### WHAT IS BEING ASKED
The answer is a stretch of the material below, returned exactly: the line containing "Naisellisessa Umi mekossa", the line containing "En fantastiskt mjuk", and all lines between.

### DATA FOR REVIEW
Segment Open

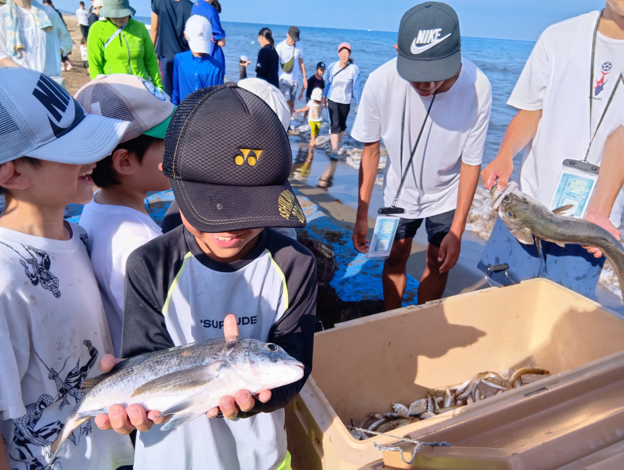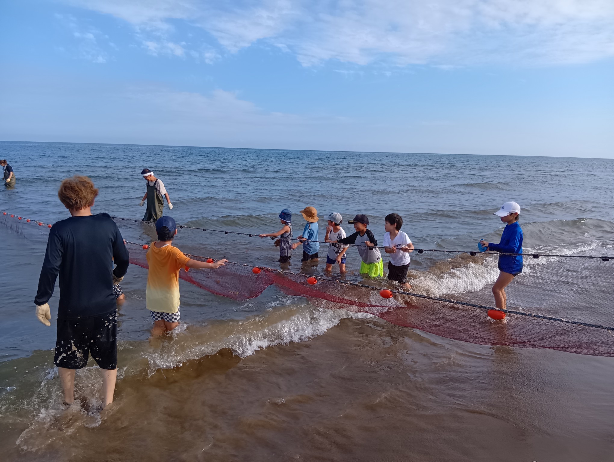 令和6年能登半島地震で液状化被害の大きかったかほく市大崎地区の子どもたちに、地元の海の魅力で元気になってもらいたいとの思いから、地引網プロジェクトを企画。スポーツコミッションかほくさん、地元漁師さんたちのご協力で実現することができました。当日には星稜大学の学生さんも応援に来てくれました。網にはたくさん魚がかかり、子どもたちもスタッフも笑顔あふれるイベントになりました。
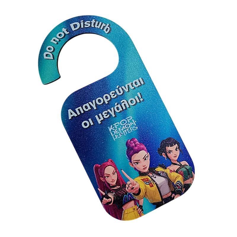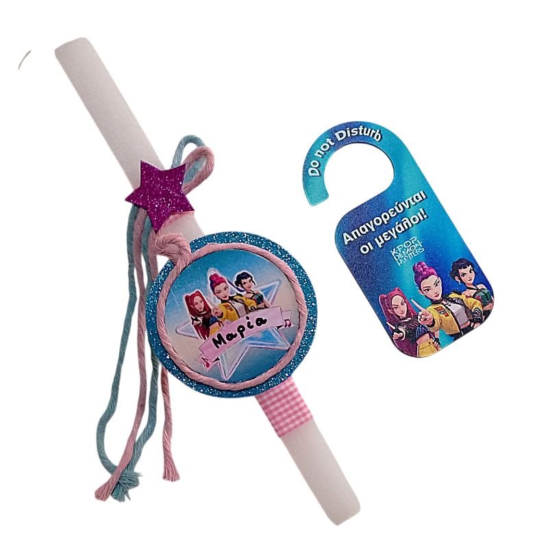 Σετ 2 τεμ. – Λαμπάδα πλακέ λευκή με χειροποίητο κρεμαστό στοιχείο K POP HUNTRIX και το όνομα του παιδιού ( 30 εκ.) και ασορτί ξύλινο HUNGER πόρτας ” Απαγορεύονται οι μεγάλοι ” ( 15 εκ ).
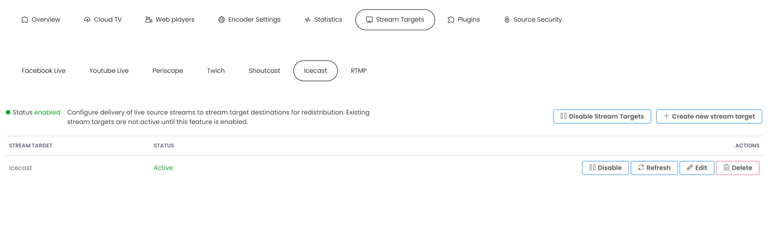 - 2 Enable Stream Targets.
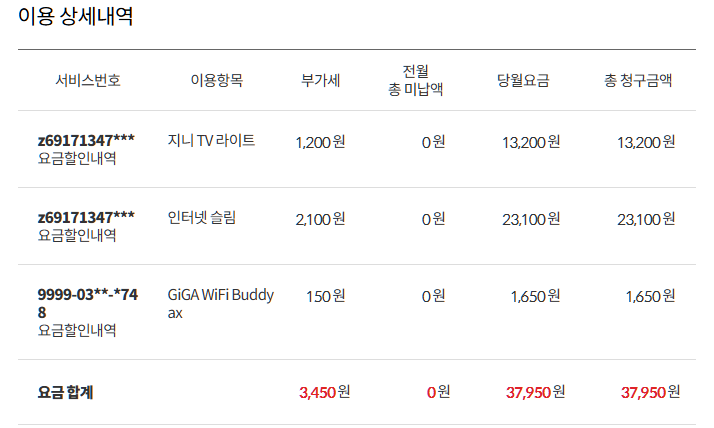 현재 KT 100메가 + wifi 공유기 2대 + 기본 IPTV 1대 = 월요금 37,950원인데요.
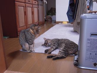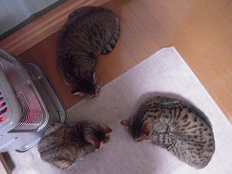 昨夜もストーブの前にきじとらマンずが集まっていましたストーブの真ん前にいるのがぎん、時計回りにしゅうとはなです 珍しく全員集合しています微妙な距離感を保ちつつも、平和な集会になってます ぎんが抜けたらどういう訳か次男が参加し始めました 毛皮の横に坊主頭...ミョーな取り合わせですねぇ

Segment Closed
Segment Open

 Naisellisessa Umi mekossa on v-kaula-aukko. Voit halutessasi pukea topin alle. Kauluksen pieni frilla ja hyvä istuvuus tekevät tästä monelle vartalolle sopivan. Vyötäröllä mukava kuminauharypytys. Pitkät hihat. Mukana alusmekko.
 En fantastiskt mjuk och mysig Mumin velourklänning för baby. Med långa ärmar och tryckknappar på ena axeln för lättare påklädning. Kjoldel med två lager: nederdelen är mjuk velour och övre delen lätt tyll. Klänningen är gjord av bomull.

Segment Closed

### EXERCISE ANSWER
 Naisellisessa Umi mekossa on v-kaula-aukko. Voit halutessasi pukea topin alle. Kauluksen pieni frilla ja hyvä istuvuus tekevät tästä monelle vartalolle sopivan. Vyötäröllä mukava kuminauharypytys. Pitkät hihat. Mukana alusmekko.
 En fantastiskt mjuk och mysig Mumin velourklänning för baby. Med långa ärmar och tryckknappar på ena axeln för lättare påklädning. Kjoldel med två lager: nederdelen är mjuk velour och övre delen lätt tyll. Klänningen är gjord av bomull.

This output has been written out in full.